• How to complete this task: For the listing below, output exactly the lines from the line with "NBA雷霆專機「機頭嚴重凹陷」驚現一整個大洞!球員:撞到超人了 (影片)" up to and including the line with "วัดใจกรอบเงินชุบทอง งานสั่งทำช่างทอง สวยๆ", and no other lines.

• Provided data:
_ _ _
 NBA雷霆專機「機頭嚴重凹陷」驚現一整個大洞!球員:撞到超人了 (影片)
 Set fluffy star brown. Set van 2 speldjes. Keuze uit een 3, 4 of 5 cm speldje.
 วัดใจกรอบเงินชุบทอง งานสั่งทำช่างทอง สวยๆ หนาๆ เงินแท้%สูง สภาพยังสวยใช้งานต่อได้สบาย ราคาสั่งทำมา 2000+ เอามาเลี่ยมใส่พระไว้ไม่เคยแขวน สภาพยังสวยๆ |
_ _ _
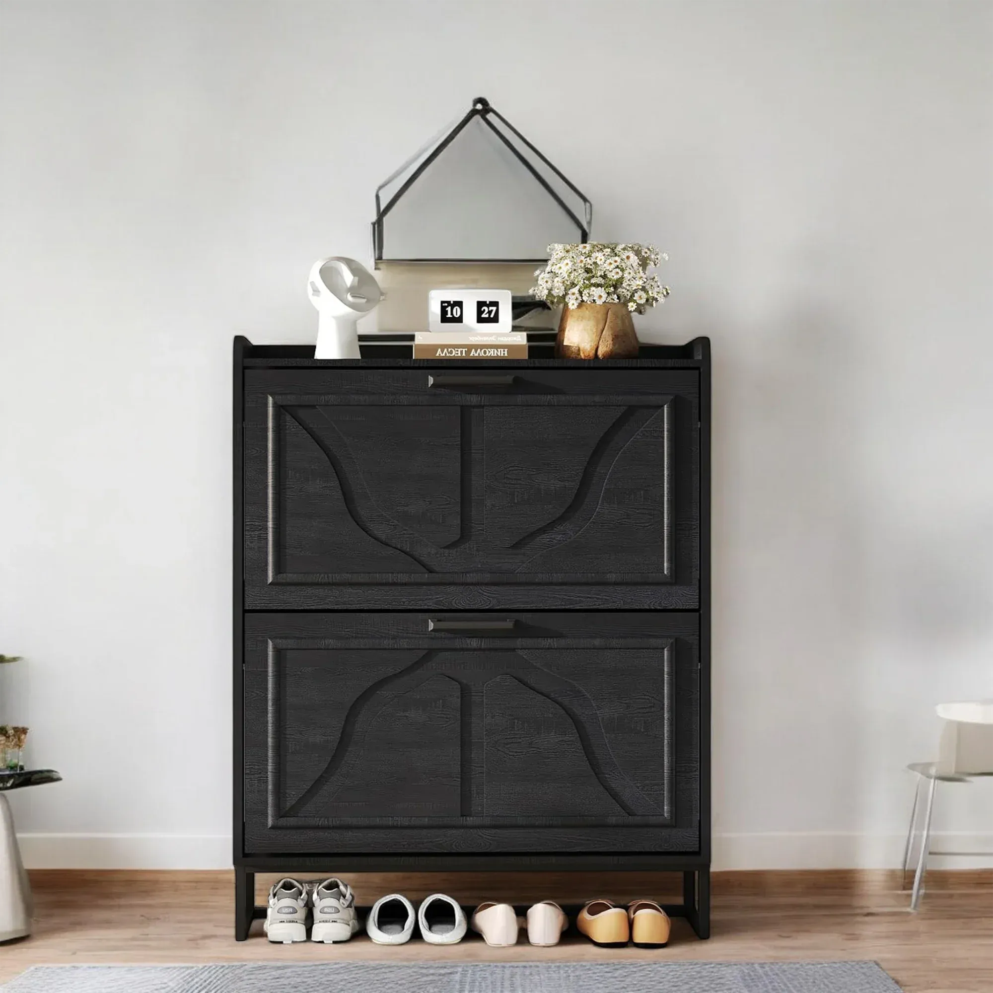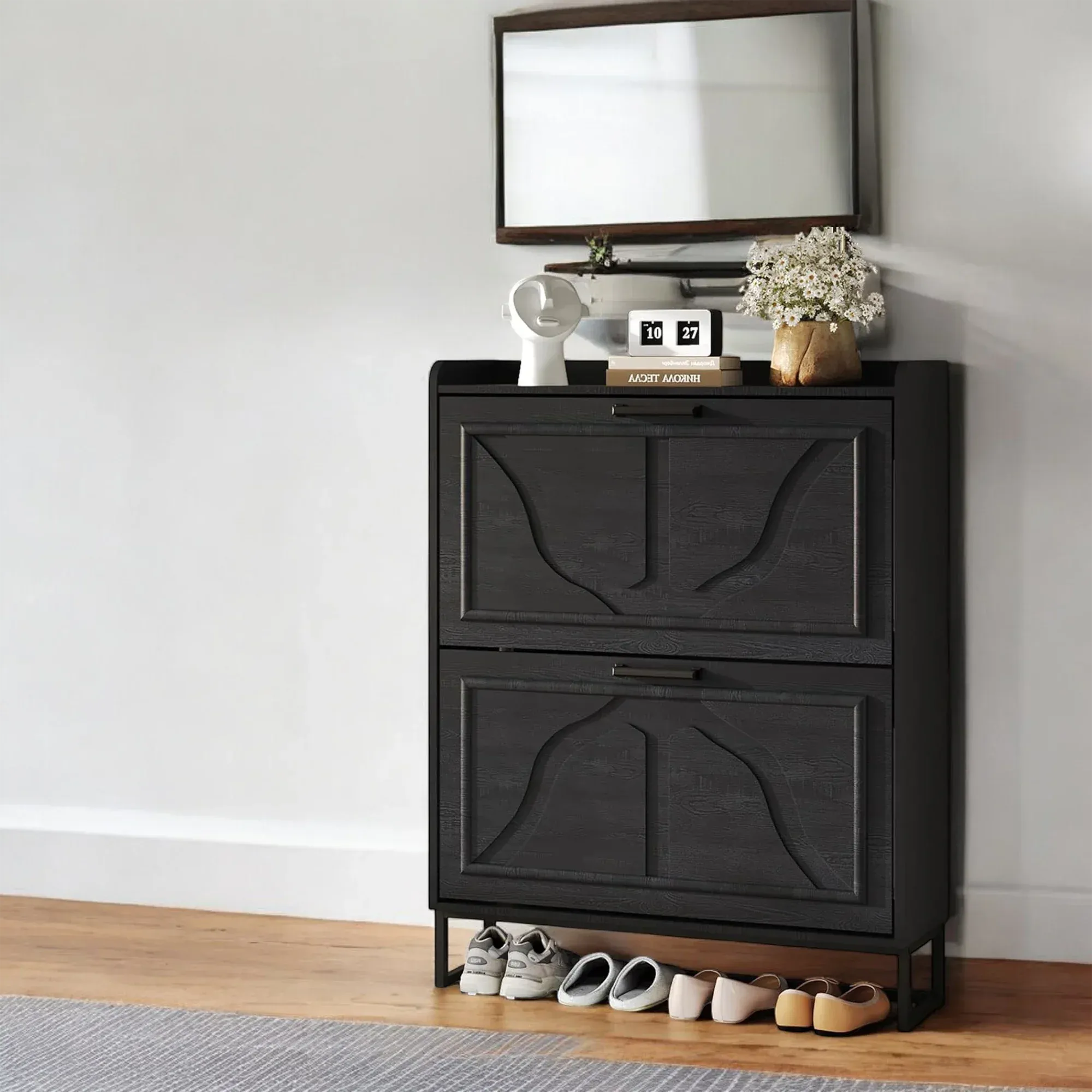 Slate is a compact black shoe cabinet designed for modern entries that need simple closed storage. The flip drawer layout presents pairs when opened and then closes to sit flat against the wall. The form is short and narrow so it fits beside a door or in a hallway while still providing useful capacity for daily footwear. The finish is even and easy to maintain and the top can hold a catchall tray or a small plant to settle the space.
_ _ _
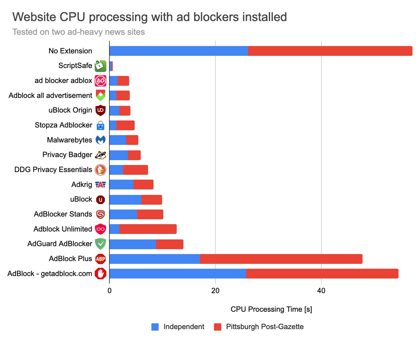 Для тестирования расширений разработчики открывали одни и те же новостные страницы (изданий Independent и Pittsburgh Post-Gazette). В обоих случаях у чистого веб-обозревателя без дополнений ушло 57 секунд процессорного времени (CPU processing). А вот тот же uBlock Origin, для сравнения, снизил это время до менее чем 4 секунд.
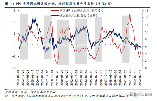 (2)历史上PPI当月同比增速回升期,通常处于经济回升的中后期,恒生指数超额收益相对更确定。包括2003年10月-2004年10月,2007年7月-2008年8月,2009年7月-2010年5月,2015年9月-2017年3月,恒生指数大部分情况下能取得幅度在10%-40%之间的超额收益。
_ _ _
• Written response:
 NBA雷霆專機「機頭嚴重凹陷」驚現一整個大洞!球員:撞到超人了 (影片)
 Set fluffy star brown. Set van 2 speldjes. Keuze uit een 3, 4 of 5 cm speldje.
 วัดใจกรอบเงินชุบทอง งานสั่งทำช่างทอง สวยๆ หนาๆ เงินแท้%สูง สภาพยังสวยใช้งานต่อได้สบาย ราคาสั่งทำมา 2000+ เอามาเลี่ยมใส่พระไว้ไม่เคยแขวน สภาพยังสวยๆ |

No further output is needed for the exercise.